Der Kick passte. Sascha spürte fast sofort das Summen in seinem Leib und gab ihm ohne zu zögern nach. Die Hände, die sich auf seine Flanken legten, erfüllten ihren Zweck, erregten ihn und versprachen mehr.
Als sie sich voneinander lösten, beugte der Asiate sich dicht zu seinem Ohr und murmelte: „Gehen wir nach draußen? Nicht weit von hier ist eine ruhige Ecke.“
„Ruhige Ecke?“, echote Sascha wenig begeistert. Er hatte es gerne bequem, wenn es zur Sache ging; vermutlich eine Art angeborene Faulheit. Ein Bett brauchte er nicht, aber zumindest eine gerade Liegefläche oder eine Sitzgelegenheit.

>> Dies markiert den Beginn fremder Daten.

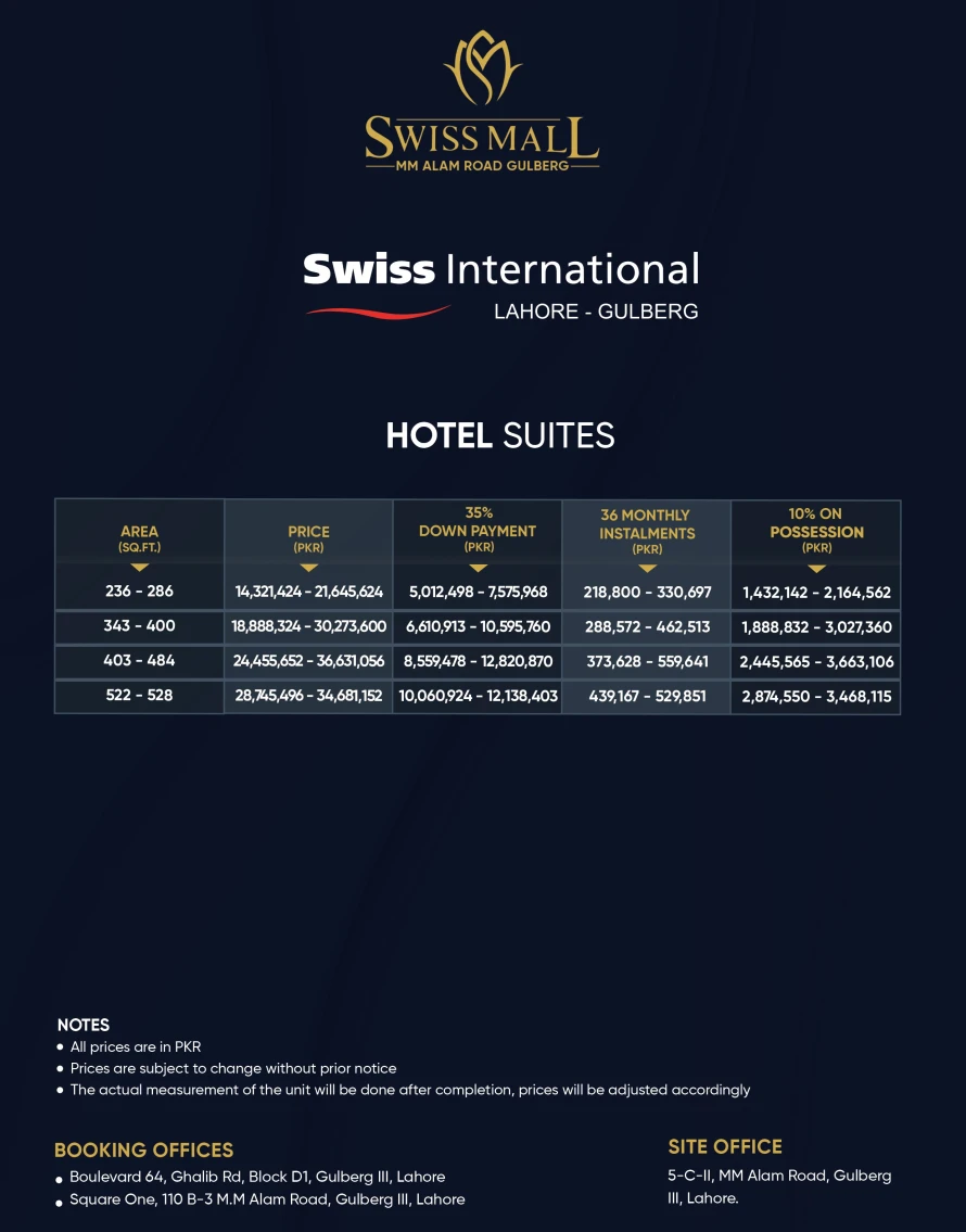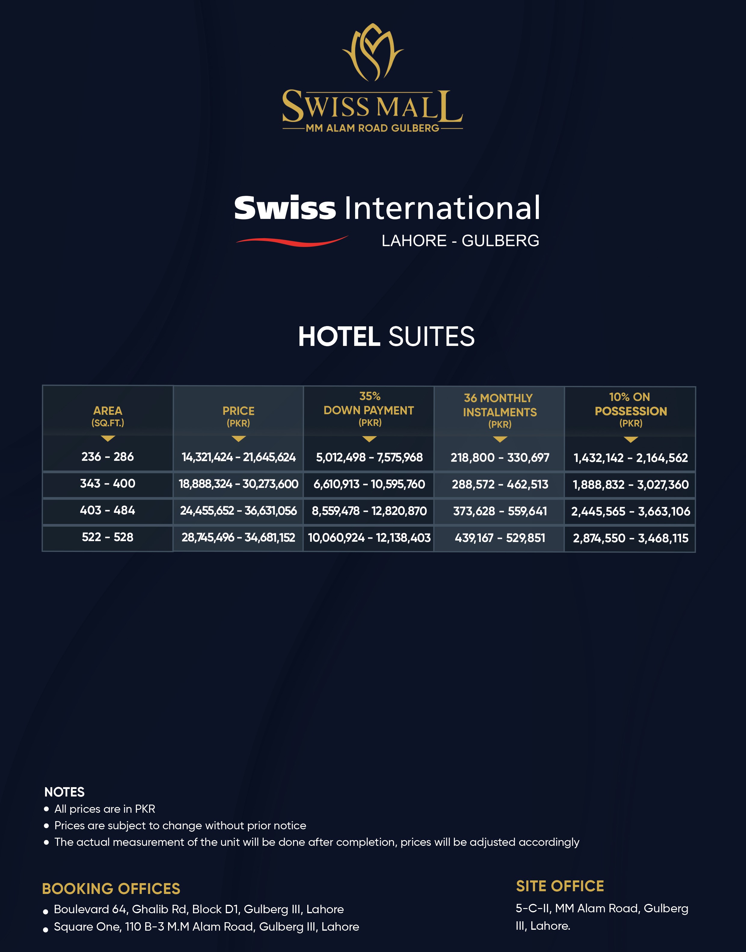 Swiss Mall Gulberg offers a versatile mix of spaces designed for residents, investors, and businesses:

„Nicht? Mein Auto steht auch nicht weit von hier.“
Das war besser. Sascha nickte und bezahlte seinen Bierdeckel. Er hinterließ vor lauter Eile ein viel zu großes Trinkgeld. Die fremden Hände streichelten dabei von hinten seinen Bauch. Gemeinsam verließen sie die Bar. Sie küssten sich auf dem Weg zum Parkplatz. In der Dunkelheit zwischen zwei Straßenlaternen spürte Sascha schon tastende Finger, die sich vorne auf seine Hose legten, und ihm zusätzlich einheizten. Es sah aus, als würde er bekommen, wonach er gesucht hatte.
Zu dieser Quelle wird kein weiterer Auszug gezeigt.